Obdulio Limón trazó para sus adentros un diagnóstico del diagnosticador: "Es un resentido
visceral", le dijo al cuello de su camisa.
Desde el despacho de Dolores Bernardos, telefoneó a Madrid y tuvo una corta conversación con
María Luisa Fernández. Al cabo de media hora fue ella quien le llamó, facilitándole los datos que
pedía. Si no fuera radicalmente imposible que la palidez misma pudiese palidecer, sería lícito
afirmar que la color huyó del rostro del antiguo policía.
—No es posible —se dijo una y otra vez. Y regresó al Pabellón de Demenciados.
—Señora de Almenara, ¿puede usted decirme con exactitud qué dinero tenía usted en cada una
de sus cuentas corrientes?
—En la que estaba a mi nombre, una cantidad ligeramente superior a 2.000.000 de pesetas —
respondió Alicia—, puesto que ése fue el importe de los honorarios que me dio el bandido que se
hizo pasar por García del Olmo. Pero lo más probable es que el cheque fuese falso.
—^No era falso —comentó el ex comisario—. En el haber de su cuenta hay 2 127 000 pesetas.

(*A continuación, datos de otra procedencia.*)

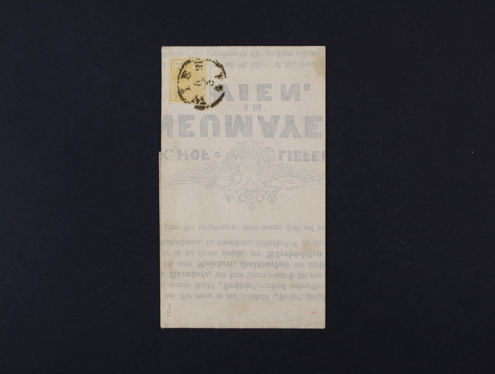 skl. tiskopis z r. 1854 frank. zn. Fe. č. 1 HP žlutoranžová s pod. raz. WIEN 6.3.
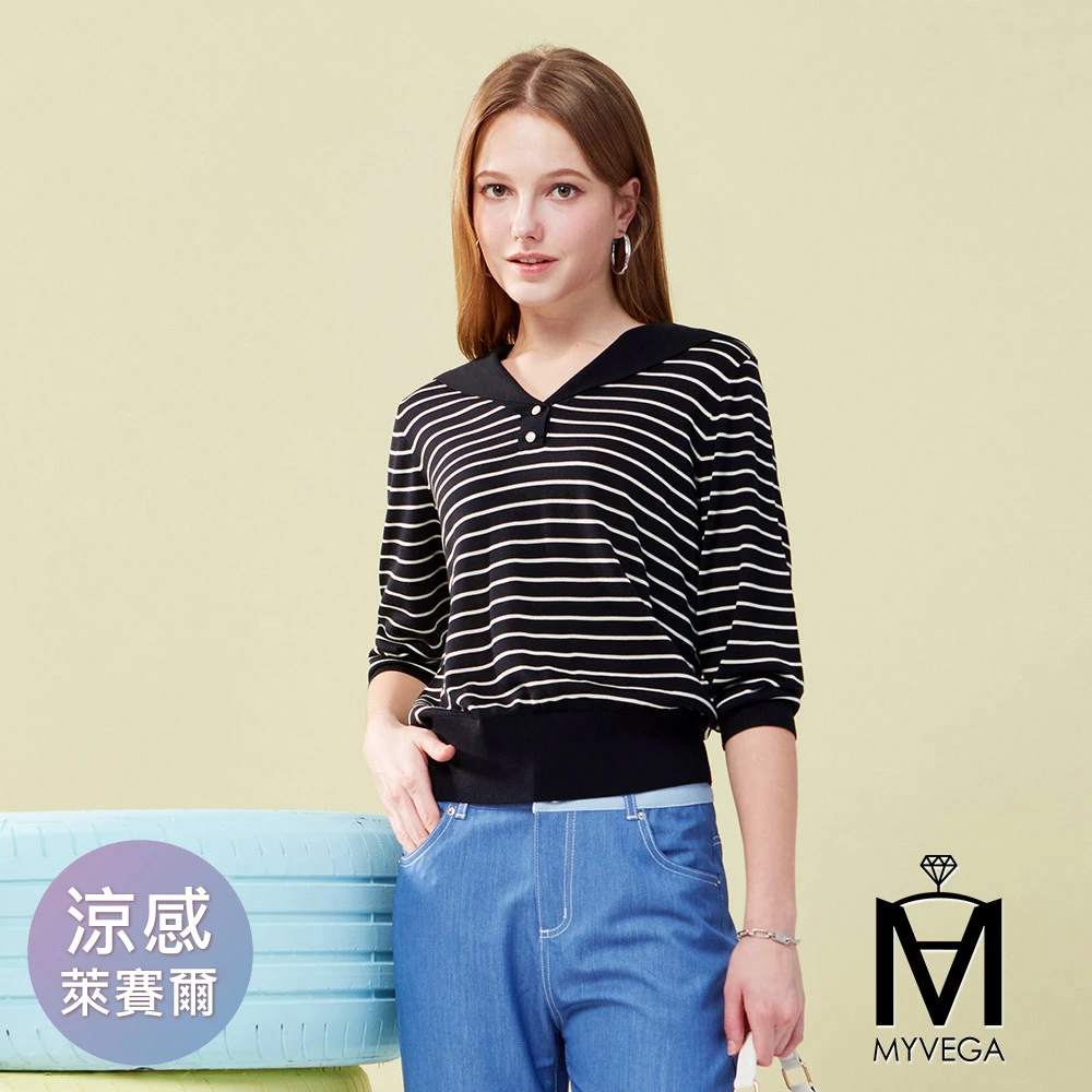 MYVEGA 麥雪爾 MA水手領條紋七分袖針織上衣-黑(通勤風/)
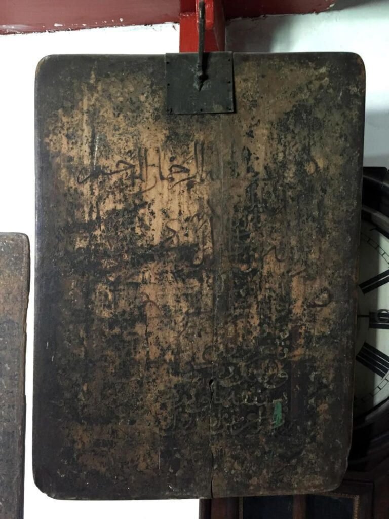 A plank of wood that is said to Fatima al-Fihri’s diploma, founder of Al-Qarawiyyin.Al-Qarawiyyin universitydecorated wood-carved frames and arches
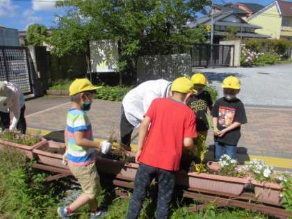 正門を入った右側にあるプランターの草引きをしました。
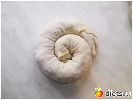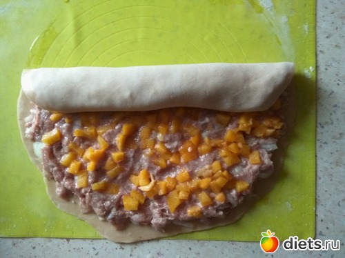 Мой улиткой никак не хотел сворачиваться - я туда фарша раза в 4 больше положила, чем в рецепте требуется.
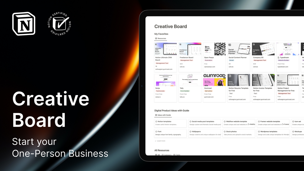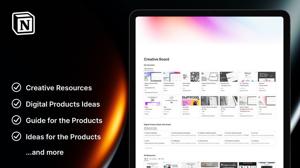 Creative Board, +200 Resources, 50 Product Ideas with Guide
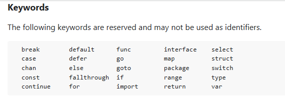 https://go.dev/ref/spec#Keywords

—Me deja usted muy sorprendida —murmuró Alicia.
—Más lo estoy yo. ¿Y en la cuenta conjunta con su marido, recuerda cuánto había?
—Ciento cincuenta mil pesetas aproximadamente.^
—Pues allí siguen —afirmó el comisario—. Y como antes la castigué a que escribiera cien veces
"Soy tan cándida como necia", vengo a relevarla de hacerlo. Y seré yo quien escriba hasta mil
veces que el necio soy yo.
Rascóse el ex policía varias veces el cráneo:
—Usted ha sido víctima de un engaño, eso está claro, para haber sido encerrada aquí. Pero no
ha sido expoliada. Su dinero sigue donde estaba. Y sus propiedades también.
—¡No entiendo nada! —exclamó Alicia angustiada—. ¿Quiere eso decir que Heliodoro es
inocente?
—Tal vez, tal vez, tal vez...
—Entonces, ¿quién era el falso García del Olmo? ¿Quién era? ¿Y por qué me encerró aquí?
—La investigación que usted nos encomienda, señora, es harto más compleja de lo que yo había
imaginado. Esta noche dormiré en el pueblo esperando instrucciones de mi jefa, y mañana,
probablemente,
saldré para Madrid. Entretanto, si quiere algo de este viejo arterioesclerótico, podrá encontrarme
en la pensión Los Conos.
No habían transcurrido dos horas cuando Obdulio Limón recibió una carta entregada por un
servidor del hospital. Decía:
Mí estimado señor Limón:
Le ruego que abandone toda la investigación que encomendé a mi colega María Luisa
Fernández y así se ¡a haga saber a ella. Tenga la bondad de indicarme a cuánto han ascendido
sus gastos y sus honorarios. Le ruego me disculpen por las molestias sufridas y prohíbo
formalmente que vuelva a trabajar en este asunto.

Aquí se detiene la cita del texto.